Set down the data below in full and exactly, minus the pictures.
[[ Exercise input open ]]
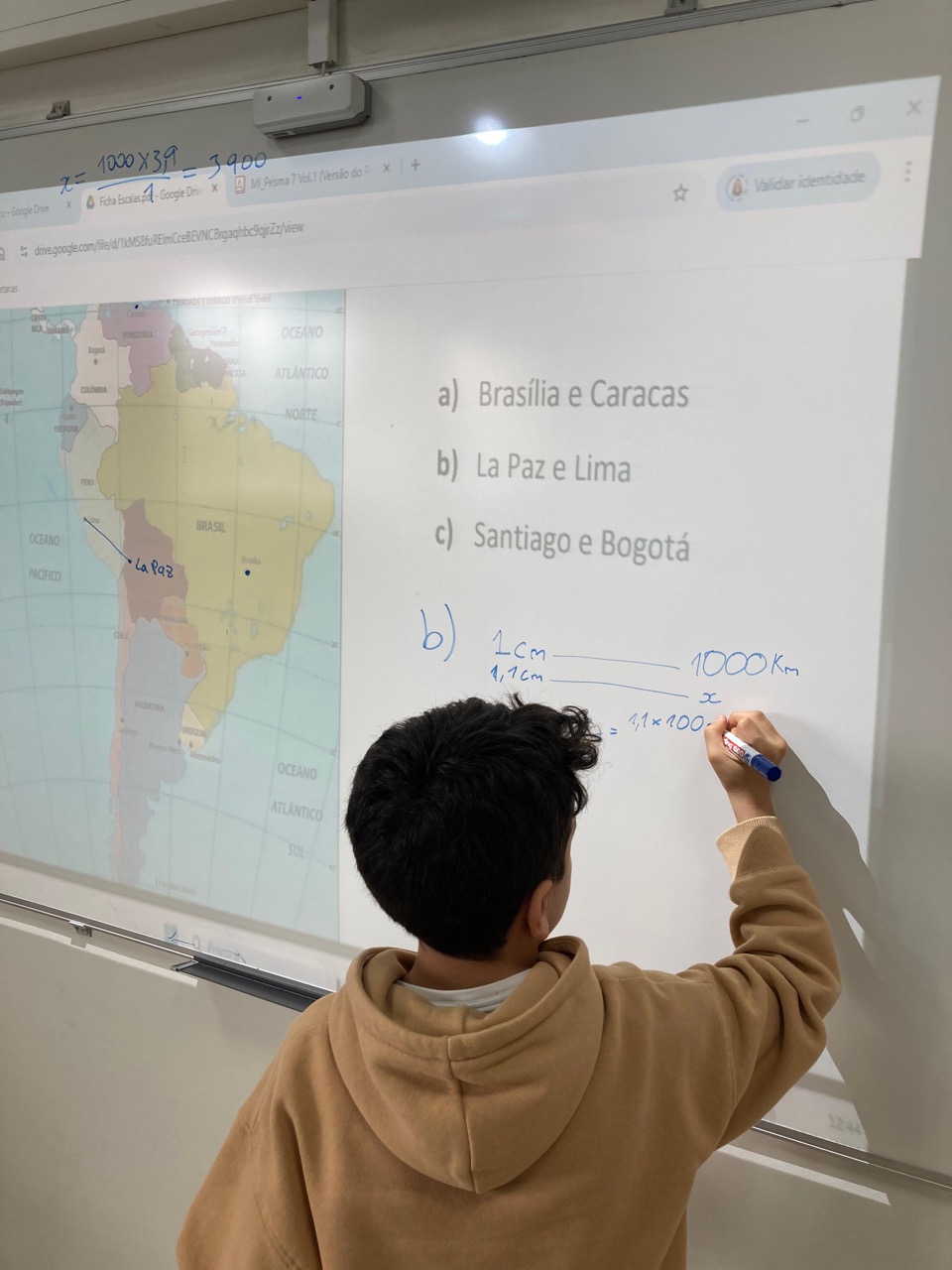 Os alunos do 7.º ano estudaram as escalas através da interação das disciplinas de Geografia e Matemática! O foco da atividade foi o cálculo de distâncias reais a partir das escalas de um mapa.
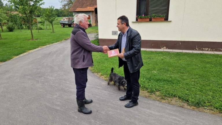 Župan občine Lendava Janez Magyar je včeraj prebivalcem zaselka Mirišče v naselju Hotiza osebno predal nove tablice s hišnimi številkami.
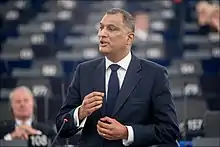 En 2016, il attire l'attention des médias en mimant un geste de masturbation au sein du Parlement européen, vraisemblablement pour marquer sa désapprobation envers son collègue Guy Verhofstadt[3].
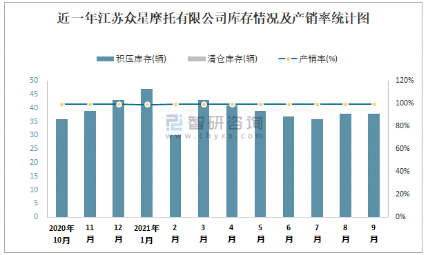 近一年江蘇眾星摩托有限公司庫存情況及產銷率統計圖
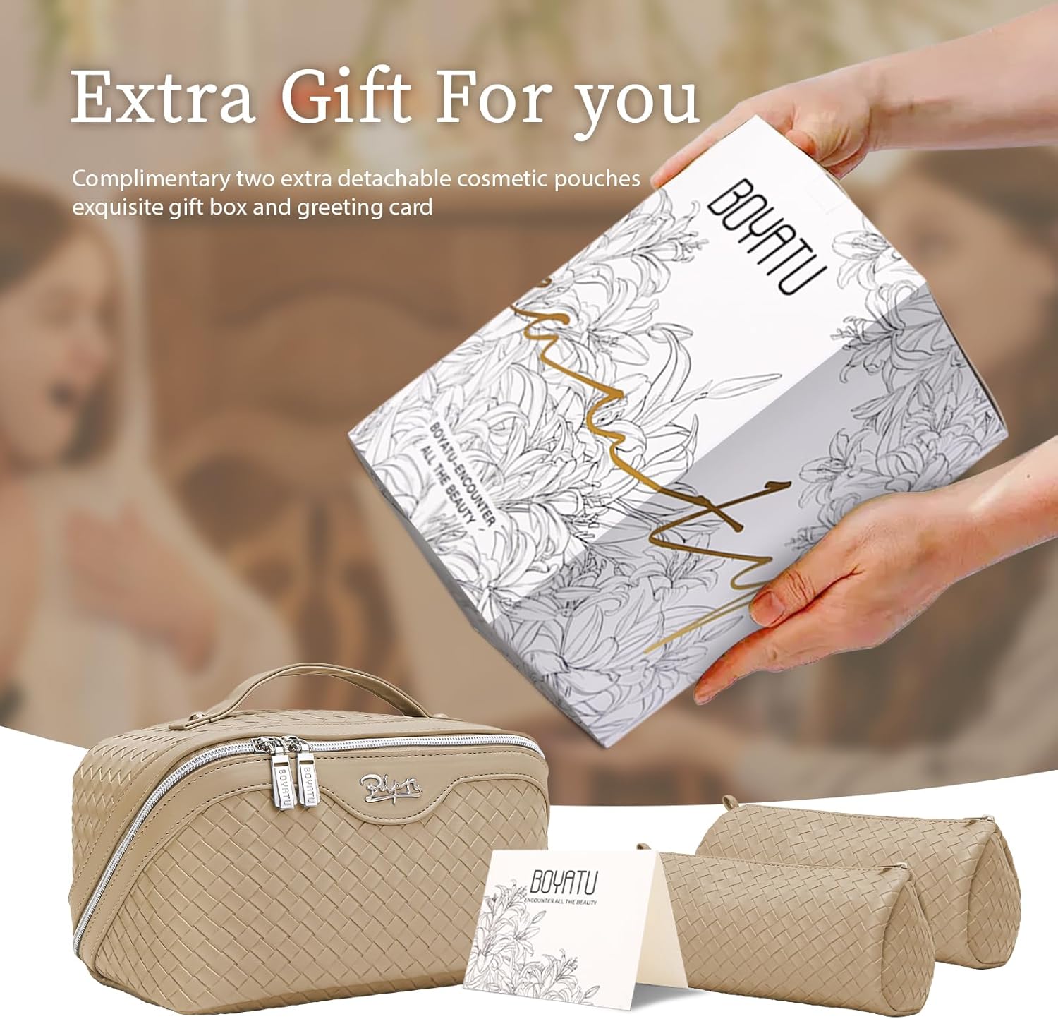 • Exquisite packaging: This travel make up bags for women comes beautifully packaged in an exquisite gift box, with a thoughtfully designed greeting card. It will be a great gift for ladies on Valentine's Day, Mother's Day, Birthdays, Christmas,Thanksgiving Day, Anniversary Day and more.
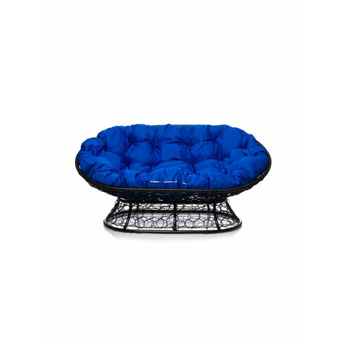 Диван "Мамасан" с ротангом чёрное / синяя подушка M-Group
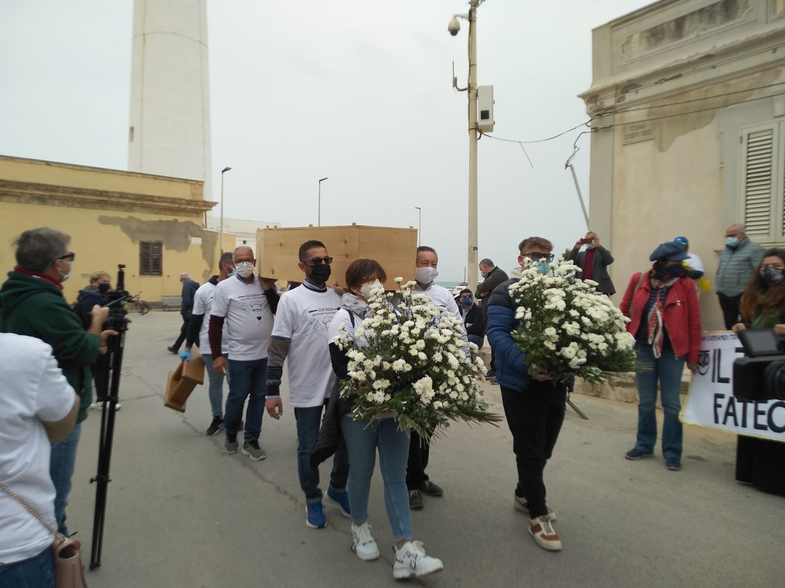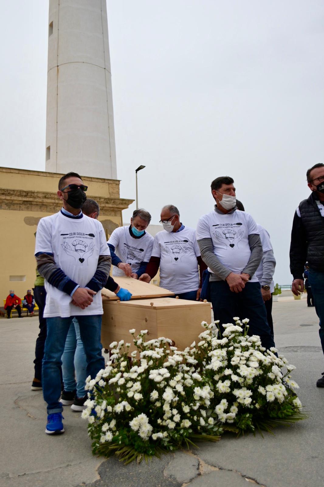 Hanno aderito anche numerosi operatori di altre categorie che soffrono a causa della pandemia: le agenzie di viaggio, gli operatori turistici, gli albergatori, i titolari di B&B, di camping, le palestre, i fiorai, i parrucchieri, i tassisti ed NCC, gli operatori dell’intrattenimento e dell’animazione, le agenzie e gli operatori del wedding, le guide turistiche, le imprese di pulizia, le lavanderie industriali. Qualcuno ha portato i letti, altri le tende da campeggio, o hanno esposto un manichino con abito da sposa, un tavolo apparecchiato. La compagnia teatrale G.o.d.o.t., che ha aderito all’iniziativa, ha mostrato le sedie rivolte verso terra, simbolo dei teatri chiusi. Tutti hanno gettato simbolicamente le loro “licenze” in una bara allestita in piazza Faro. Subito dopo, un corteo con la bara portata a spalla dai ristoratori, si è mosso verso la “casa di Montalbano”, seguita da tutti i presenti. Dal balcone della casa hanno portato la voce della protesta il presidente di Co.Ri.Sicilia, Raffaele Fiaccavento, Tania Corallo, il sindaco di Santa Croce Camerina, Giovanni Barone, i parlamentari regionali Nello Dipasquale, Stefania Campo e Orazio Ragusa.
[[ Exercise input closed ]]
Response to the task.
 Os alunos do 7.º ano estudaram as escalas através da interação das disciplinas de Geografia e Matemática! O foco da atividade foi o cálculo de distâncias reais a partir das escalas de um mapa.
 Župan občine Lendava Janez Magyar je včeraj prebivalcem zaselka Mirišče v naselju Hotiza osebno predal nove tablice s hišnimi številkami.
 En 2016, il attire l'attention des médias en mimant un geste de masturbation au sein du Parlement européen, vraisemblablement pour marquer sa désapprobation envers son collègue Guy Verhofstadt[3].
 近一年江蘇眾星摩托有限公司庫存情況及產銷率統計圖
 • Exquisite packaging: This travel make up bags for women comes beautifully packaged in an exquisite gift box, with a thoughtfully designed greeting card. It will be a great gift for ladies on Valentine's Day, Mother's Day, Birthdays, Christmas,Thanksgiving Day, Anniversary Day and more.
 Диван "Мамасан" с ротангом чёрное / синяя подушка M-Group
 Hanno aderito anche numerosi operatori di altre categorie che soffrono a causa della pandemia: le agenzie di viaggio, gli operatori turistici, gli albergatori, i titolari di B&B, di camping, le palestre, i fiorai, i parrucchieri, i tassisti ed NCC, gli operatori dell’intrattenimento e dell’animazione, le agenzie e gli operatori del wedding, le guide turistiche, le imprese di pulizia, le lavanderie industriali. Qualcuno ha portato i letti, altri le tende da campeggio, o hanno esposto un manichino con abito da sposa, un tavolo apparecchiato. La compagnia teatrale G.o.d.o.t., che ha aderito all’iniziativa, ha mostrato le sedie rivolte verso terra, simbolo dei teatri chiusi. Tutti hanno gettato simbolicamente le loro “licenze” in una bara allestita in piazza Faro. Subito dopo, un corteo con la bara portata a spalla dai ristoratori, si è mosso verso la “casa di Montalbano”, seguita da tutti i presenti. Dal balcone della casa hanno portato la voce della protesta il presidente di Co.Ri.Sicilia, Raffaele Fiaccavento, Tania Corallo, il sindaco di Santa Croce Camerina, Giovanni Barone, i parlamentari regionali Nello Dipasquale, Stefania Campo e Orazio Ragusa.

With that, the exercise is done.